(Records supplied begins)

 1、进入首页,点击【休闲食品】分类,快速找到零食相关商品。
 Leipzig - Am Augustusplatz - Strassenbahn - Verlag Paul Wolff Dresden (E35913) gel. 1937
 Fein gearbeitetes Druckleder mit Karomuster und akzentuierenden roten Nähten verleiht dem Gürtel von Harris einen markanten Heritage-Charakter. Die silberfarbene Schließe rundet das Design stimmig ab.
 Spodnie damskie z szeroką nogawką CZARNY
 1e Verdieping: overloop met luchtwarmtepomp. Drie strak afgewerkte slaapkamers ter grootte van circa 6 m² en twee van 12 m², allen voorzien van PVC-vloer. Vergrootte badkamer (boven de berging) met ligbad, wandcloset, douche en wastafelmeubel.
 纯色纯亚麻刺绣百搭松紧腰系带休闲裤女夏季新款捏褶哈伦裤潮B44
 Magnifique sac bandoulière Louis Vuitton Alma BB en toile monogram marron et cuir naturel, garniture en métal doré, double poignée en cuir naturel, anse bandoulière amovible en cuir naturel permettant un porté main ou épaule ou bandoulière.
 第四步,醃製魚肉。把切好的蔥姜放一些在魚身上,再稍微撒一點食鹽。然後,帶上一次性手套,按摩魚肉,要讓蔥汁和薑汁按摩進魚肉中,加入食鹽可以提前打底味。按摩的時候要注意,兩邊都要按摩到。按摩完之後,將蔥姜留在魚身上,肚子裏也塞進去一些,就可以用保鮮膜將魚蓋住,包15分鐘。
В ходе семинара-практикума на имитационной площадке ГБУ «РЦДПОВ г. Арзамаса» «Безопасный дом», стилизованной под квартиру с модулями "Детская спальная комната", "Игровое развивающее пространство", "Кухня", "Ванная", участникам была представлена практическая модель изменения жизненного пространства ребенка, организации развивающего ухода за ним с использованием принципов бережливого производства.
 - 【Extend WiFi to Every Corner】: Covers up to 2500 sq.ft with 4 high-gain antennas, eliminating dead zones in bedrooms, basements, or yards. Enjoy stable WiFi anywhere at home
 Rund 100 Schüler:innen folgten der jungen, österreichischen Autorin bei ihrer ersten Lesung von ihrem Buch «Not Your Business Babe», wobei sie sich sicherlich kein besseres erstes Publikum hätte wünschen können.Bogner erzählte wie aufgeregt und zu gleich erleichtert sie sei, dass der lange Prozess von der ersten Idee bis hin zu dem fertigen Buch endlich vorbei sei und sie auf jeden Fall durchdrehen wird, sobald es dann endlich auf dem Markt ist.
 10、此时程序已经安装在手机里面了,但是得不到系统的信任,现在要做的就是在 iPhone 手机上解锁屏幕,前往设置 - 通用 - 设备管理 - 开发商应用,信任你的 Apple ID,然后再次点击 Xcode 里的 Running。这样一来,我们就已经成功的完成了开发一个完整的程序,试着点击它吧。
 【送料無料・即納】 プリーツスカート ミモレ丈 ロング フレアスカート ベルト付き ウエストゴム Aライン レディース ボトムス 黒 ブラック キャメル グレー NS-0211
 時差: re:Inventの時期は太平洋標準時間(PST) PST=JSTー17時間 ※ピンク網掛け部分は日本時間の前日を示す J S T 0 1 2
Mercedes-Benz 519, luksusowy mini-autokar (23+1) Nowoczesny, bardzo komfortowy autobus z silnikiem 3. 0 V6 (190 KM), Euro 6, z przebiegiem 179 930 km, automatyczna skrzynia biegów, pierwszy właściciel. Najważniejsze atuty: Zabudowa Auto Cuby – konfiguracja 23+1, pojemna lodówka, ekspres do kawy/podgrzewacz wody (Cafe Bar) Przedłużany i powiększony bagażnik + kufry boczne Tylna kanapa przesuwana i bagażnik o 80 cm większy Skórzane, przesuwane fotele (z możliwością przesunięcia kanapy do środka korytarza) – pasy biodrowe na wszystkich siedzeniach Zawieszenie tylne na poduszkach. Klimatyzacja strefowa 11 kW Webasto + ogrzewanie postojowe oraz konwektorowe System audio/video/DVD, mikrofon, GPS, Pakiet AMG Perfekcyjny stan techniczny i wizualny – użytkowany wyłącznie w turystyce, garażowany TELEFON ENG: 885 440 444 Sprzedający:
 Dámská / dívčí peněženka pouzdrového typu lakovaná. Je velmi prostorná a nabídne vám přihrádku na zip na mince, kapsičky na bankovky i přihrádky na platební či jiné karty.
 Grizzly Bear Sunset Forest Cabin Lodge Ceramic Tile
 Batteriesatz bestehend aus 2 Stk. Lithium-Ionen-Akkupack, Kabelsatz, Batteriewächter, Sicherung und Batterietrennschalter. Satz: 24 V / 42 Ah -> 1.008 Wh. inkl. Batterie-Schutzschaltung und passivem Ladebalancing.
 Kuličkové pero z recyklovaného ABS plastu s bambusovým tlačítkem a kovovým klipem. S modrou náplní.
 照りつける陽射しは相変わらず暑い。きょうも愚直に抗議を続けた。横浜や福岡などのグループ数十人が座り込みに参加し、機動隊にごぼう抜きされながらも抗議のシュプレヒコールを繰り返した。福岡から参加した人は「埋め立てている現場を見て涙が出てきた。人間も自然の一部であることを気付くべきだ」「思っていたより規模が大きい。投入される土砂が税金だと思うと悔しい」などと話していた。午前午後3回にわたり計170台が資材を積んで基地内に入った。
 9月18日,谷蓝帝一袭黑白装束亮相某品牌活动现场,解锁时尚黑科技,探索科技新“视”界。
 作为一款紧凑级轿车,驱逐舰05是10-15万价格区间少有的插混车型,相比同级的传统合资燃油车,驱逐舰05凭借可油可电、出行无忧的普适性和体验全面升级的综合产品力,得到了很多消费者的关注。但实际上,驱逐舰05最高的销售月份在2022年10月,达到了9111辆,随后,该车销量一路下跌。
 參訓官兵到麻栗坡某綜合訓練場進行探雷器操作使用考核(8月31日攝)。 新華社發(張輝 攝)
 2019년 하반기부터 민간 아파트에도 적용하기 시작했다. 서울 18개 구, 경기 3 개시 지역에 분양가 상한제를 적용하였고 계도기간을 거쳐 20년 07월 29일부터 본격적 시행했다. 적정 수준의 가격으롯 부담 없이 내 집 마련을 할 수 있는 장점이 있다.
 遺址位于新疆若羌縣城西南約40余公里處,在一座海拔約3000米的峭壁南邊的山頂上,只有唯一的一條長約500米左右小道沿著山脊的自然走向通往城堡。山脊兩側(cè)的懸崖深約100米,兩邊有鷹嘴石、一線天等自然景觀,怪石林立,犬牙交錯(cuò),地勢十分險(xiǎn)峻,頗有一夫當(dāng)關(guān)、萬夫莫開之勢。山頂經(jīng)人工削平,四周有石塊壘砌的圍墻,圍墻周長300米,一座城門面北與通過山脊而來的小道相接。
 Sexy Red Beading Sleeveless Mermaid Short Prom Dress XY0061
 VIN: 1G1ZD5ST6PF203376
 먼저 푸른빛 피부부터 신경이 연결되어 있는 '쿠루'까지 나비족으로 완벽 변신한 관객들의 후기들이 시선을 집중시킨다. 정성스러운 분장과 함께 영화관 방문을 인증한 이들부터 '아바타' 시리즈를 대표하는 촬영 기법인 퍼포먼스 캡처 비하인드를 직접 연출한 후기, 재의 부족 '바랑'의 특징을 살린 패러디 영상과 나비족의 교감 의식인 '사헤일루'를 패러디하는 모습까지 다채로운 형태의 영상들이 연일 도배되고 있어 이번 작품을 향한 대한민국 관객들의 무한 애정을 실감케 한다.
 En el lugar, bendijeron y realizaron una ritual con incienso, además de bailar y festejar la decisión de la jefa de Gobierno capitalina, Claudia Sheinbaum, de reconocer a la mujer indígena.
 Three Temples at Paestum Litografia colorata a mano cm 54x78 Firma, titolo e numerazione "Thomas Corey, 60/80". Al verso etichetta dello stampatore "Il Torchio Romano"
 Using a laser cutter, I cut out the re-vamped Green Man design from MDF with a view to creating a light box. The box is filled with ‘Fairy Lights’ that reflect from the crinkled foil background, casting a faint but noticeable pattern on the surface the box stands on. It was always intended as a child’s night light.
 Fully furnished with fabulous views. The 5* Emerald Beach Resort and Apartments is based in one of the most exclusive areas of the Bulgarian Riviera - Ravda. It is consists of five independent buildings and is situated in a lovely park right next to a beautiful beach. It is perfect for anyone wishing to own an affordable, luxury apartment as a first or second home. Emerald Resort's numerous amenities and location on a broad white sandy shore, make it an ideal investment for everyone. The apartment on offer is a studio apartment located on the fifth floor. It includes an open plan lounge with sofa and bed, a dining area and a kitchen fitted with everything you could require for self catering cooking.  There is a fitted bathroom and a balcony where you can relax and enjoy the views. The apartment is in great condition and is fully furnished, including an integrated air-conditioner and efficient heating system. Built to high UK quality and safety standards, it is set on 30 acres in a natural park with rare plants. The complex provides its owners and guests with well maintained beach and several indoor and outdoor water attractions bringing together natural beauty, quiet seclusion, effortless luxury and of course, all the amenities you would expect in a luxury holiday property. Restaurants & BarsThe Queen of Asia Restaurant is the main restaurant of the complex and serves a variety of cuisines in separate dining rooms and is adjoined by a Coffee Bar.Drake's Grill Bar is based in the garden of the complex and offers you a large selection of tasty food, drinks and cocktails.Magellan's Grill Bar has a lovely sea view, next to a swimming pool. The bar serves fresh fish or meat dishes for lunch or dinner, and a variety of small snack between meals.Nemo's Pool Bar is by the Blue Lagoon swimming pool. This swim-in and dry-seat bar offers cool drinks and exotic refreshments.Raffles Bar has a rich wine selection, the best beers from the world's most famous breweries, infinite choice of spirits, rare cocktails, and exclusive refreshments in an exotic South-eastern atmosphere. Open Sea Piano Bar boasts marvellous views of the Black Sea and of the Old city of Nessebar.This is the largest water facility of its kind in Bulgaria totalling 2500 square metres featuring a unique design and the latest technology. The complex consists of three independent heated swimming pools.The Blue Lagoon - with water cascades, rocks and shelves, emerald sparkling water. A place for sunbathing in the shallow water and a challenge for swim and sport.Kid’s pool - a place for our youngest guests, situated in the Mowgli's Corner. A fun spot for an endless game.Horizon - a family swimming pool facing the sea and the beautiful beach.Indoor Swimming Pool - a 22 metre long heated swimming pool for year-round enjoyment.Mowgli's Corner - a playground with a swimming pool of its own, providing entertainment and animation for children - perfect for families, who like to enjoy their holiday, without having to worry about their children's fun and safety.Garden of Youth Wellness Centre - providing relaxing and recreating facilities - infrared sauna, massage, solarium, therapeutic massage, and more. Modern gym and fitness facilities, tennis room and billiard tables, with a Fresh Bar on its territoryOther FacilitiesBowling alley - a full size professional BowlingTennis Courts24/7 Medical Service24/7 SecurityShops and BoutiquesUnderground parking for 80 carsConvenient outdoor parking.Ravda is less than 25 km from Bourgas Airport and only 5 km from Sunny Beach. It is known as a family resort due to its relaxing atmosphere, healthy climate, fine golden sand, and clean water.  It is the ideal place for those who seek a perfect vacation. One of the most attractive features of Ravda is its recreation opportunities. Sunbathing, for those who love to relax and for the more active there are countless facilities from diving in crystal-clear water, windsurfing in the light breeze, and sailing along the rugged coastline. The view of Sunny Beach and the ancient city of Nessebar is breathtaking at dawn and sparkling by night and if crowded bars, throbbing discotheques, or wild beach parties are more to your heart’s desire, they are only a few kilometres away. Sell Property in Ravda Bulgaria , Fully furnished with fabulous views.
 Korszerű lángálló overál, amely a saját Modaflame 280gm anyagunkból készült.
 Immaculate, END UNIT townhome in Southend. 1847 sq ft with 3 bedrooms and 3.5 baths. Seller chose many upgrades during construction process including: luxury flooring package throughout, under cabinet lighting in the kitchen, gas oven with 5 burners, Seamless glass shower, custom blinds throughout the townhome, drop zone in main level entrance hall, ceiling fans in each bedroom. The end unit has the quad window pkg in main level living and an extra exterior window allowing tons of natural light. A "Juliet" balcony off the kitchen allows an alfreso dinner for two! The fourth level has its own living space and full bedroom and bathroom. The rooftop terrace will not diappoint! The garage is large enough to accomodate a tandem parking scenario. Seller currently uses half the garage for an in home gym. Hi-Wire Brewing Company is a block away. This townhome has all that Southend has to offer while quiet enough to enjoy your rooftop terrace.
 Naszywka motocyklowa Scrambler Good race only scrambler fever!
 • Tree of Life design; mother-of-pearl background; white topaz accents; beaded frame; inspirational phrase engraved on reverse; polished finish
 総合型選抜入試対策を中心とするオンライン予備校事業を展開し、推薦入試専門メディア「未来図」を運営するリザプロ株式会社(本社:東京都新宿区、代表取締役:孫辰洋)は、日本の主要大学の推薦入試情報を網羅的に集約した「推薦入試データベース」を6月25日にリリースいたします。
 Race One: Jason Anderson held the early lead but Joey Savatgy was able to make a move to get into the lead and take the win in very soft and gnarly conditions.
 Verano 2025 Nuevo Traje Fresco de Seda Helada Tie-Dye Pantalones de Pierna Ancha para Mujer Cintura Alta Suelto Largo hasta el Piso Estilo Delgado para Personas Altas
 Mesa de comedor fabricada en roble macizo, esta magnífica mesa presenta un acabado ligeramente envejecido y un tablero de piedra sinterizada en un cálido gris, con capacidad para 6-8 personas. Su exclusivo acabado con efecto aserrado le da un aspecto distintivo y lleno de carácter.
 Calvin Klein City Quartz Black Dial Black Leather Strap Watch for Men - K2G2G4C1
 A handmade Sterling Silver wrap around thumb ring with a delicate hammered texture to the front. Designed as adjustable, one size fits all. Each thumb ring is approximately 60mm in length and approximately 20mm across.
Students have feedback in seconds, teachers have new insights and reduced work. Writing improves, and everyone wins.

(Records supplied ends)

__Task statement__: Copy the lines of the data above exactly as written, beginning with the line containing "纯色纯亚麻刺绣百搭松紧腰系带休闲裤女夏季新款捏褶哈伦裤潮B44" and ending with the line containing "第四步,醃製魚肉。把切好的蔥", and leave out all other lines.

__Task response__:
 纯色纯亚麻刺绣百搭松紧腰系带休闲裤女夏季新款捏褶哈伦裤潮B44
 Magnifique sac bandoulière Louis Vuitton Alma BB en toile monogram marron et cuir naturel, garniture en métal doré, double poignée en cuir naturel, anse bandoulière amovible en cuir naturel permettant un porté main ou épaule ou bandoulière.
 第四步,醃製魚肉。把切好的蔥姜放一些在魚身上,再稍微撒一點食鹽。然後,帶上一次性手套,按摩魚肉,要讓蔥汁和薑汁按摩進魚肉中,加入食鹽可以提前打底味。按摩的時候要注意,兩邊都要按摩到。按摩完之後,將蔥姜留在魚身上,肚子裏也塞進去一些,就可以用保鮮膜將魚蓋住,包15分鐘。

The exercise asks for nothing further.